Seu corpo estava dormente. Ela já não o sentia, e isso era bom. Ela quase nem se movia, não era preciso. Bastava apenas mover as pálpebras, pensar, sonhar. Deixar a mente vagar para um outro tempo, um outro lugar, quando ela era feliz e cheia de sonhos. Sua vida era abençoada e ela vivia cercada pelas pessoas que amava. Sua mãe, que já estava no paraíso esperando por ela. Miguel, que estava a salvo com sua família, bem longe das garras da inquisição, e todos os seus vizinhos, os velhos e conhecidos, com suas crianças, suas matronas, seus velhos patriarcas, sua vida pacata e simples. Todos já estavam mortos, ou esperando por sua vez de morrer.

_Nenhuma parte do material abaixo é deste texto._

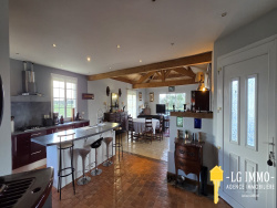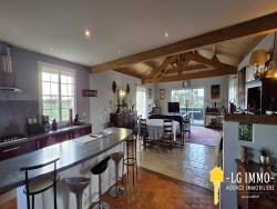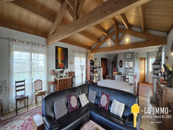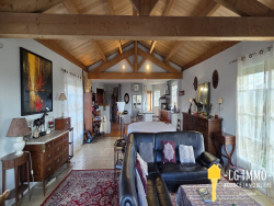 L'agence LG IMMO Cabinet Garéché vous propose un pavillon de plain-pied construit en 2008, d'une superficie totale de 163 m2, offrant confort et praticité. Il se compose d'une vaste pièce de vie de 78 m2 avec une magnifique charpente apparente, comprenant un salon/salle à manger et une cuisine ouverte avec ilôt central, et un cellier de 8 m2 avec chauffe-eau et branchement machine. La partie nuit comprend une salle d'eau de 11 m2 équipée d'une douche à l'italienne et de deux meubles vasque, un WC indépendant et quatre chambres de 10 m2, 11,70 m2 avec dressing, 11,40 m2 et 11,75 m2 avec accès au jardin. La pièce de vie dispose d'une belle luminosité avec ses ouvertures sur 3 façades permettant de profiter des rayons du soleil à tout moment de la journée et s'ouvre sur une terrasse sans aucun vis-à-vis. Plusieurs dépendances, non attenantes, complètent ce bien, notamment un garage de 36 m2, une dépendance d'environ 23 m2 et un box en bois de 33,70 m2. L'ensemble est édifié sur un terrain clos de 1 746 m2 avec portail électrique et accès goudronné jusqu'au bout des bâtiments. Le chauffage est assuré par un plancher chauffant et l'assainissement par une fosse septique. Les menuiseries sont en PVC double vitrage avec volets électriques centralisés + volets bois. La taxe foncière est de 1031 EUR. Pour toute information complémentaire, contactez votre agence LG IMMO au 05 46 97 27 11 ou par mail à cabinet-gareche@lgimmo.net Pour la vente, l'achat, une estimation, consultez nous sur les secteurs de Mortagne-sur-Gironde, Cozes, Semussac, Meschers-sur-Gironde, Saint-Georges-de-Didonne, Grézac, Gémozac, Saint-André-de-Lidon, Thaims...

Um inseto de asas grandes voou ao seu redor. Ele tinha patas compridas que se prenderam ao braço de Catarina. Ela o encarou e tentou articular palavra.

- Como ... vai ... inseto?

A libélula com seus grandes olhos hexaédricos, a encarou de volta, movendo ligeiramente as patas, enfiando mais ainda em sua pele, os pequenos ganchos de seus membros. Catarina sentiu uma leve cócega. Ela não se enojou de ter um inseto pousado em si. Isso a fez se sentir viva. Ela virou o rosto dormente na direção do inseto e moveu os lábios em um muxoxo, tentando soprá-lo. Não é que ela quisesse se ver livre dele, ela apenas queria vê-lo se mexer. O inseto recebeu o bafo quente indiferente. Ele apenas se mexeu quando a porta da cela de Catarina se abriu.

A libélula voou longe. Até mesmo os insetos fugiam apavorados, com medo dos carrascos da inquisição. Três homens adentraram a cela de Catarina. Um deles usava batina negra com jóias de ouro. Os outros vestiam uma mistura de farda da guarda inquisitorial, com adereços de couro de animais. Catarina não tinha medo deles. Ela apenas queria que seu sofrimento acabasse logo. Um dos homens desprendeu uma corrente de ferro que estava segura em um anteparo da parede. Ele usou de toda sua força, para não deixar o contrapeso da outra extremidade da corrente, vir direto ao chão.

Catarina era esse contrapeso. Estava dependurada pelos pulsos, bem alto, no centro da cela. Seu corpo nu, acorrentado nas pernas e braços, fazia dias, veio descendo devagar, até que ela se arriasse ao chão, como um molambo. Ela não se mexeu. Ficou com os olhos semicerrados, esperando por mais vilipêndio daqueles homens.

- Isso é até ... um desperdício. Por que não podemos nos servir dela? Vai queimar mesmo. Ninguém vai reclamar. - Um dos carrascos, que era o mais magro e alto, reclamou em voz humilde, como se a pedir um favor de seu superior.

- Ela é uma bruxa. Tem parte com satanás. Aquele que encostar um dedo nela, também merecerá as chamas do inferno. Se acaso estás disposto a virar cinzas, vá em frente. Terei prazer em mandar mais um herege para a fogueira do auto de fé. - Respondeu Dom Villagrán.

- Não, não! - Bradaram ao mesmo tempo, os dois carrascos.

- Podemos então alimentá-la e lhe dar água? Do jeito que está, ela morre antes do auto de fé. - Um dos carrascos, aquele que já era careca e tinha uma barriga proeminente, falou preocupado.

- Tudo bem, mas não a alimenteis demais, ou ela fará uma sujeira maior ainda. - Respondeu Dom Villagrán.

- Reverendo, as correntes ... podemos retirá-las para que ela possa se alimentar?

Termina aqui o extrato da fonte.